Russian President Vladimir Putin Photo: AR
On 31 December, Vladimir Putin marks the 25th anniversary of his tenure as head of Russia. During this time, he has managed not only to consolidate full power, but also to build a rigid vertical, declare a series of wars, annex territories and effectively destroy the opposition. However, according to the Spanish EFE news agency, Putin’s current system of power shows signs of anarchism and crisis.
The road to the absolute
After taking over from Boris Yeltsin in 1999, Putin claimed to have “pulled the country back from the brink”. In the years that followed, he established himself as the leader who, in his own words, “restored Russians’ imperial pride”. His reign has been an era of centralisation of power, with no room for dissidents and major state bodies turned into stage sets.
A key turnaround was the constitutional reform that allows Putin to remain in power until 2036. This effectively became a point of no return, where the Russian leader established himself as a modern-day “tsar”, relying on the support of the Russian Orthodox Church and messianic ideas about the greatness of the “Russian world”.
Wars and isolation
The first serious crisis for Putin was the COVID-19 pandemic, when he isolated himself in his bunker and made decisions with only a narrow circle of advisers.

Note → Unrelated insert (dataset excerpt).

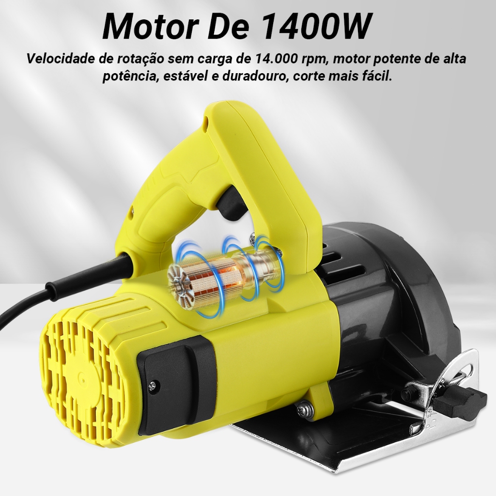 Serra Mármore Profissional 1400W 4.3/8 Pol Serra Marmore Cortador Elétrico 14000RPM Corte Ajustável Máxima Profundidade

The result of this isolation was a full-scale war in Ukraine, the first invasion of Europe in a decade.
The mistaken predictions of Russia’s own intelligence services that Kyiv would be “easily” captured in three days proved to be a failure. The Ukrainian resistance has not only destroyed these plans, but has also finally turned Putin into an international pariah. His attempts to portray the war as a conflict with the West are increasingly turning into a fight against his own people.
Internal challenges
Russian society is experiencing a new “cultural revolution”, where war veterans are becoming heroes and the opposition, independent journalists and activists are being persecuted. Yet even the toughest regimes are showing weakness. The failure of the system became apparent after the rebellion of the Wagnerians led by Yevgeny Prigozhin, which ended in his liquidation.
An empire on feet of clay
Despite loud claims of hypersonic missiles and “world greatness”, Russia remains a country burdened by corruption and technological backwardness. The failures of the Russian army at the front, discontent among the generals and disillusionment among the population signal that even the “biblical” Russian people have limits to their patience.
Putin wants to go down in history as the leader who restored Russia’s greatness. But the cost of the war in Ukraine could be the indicator that determines whether he is remembered as a victor or as a leader who led the country to disaster.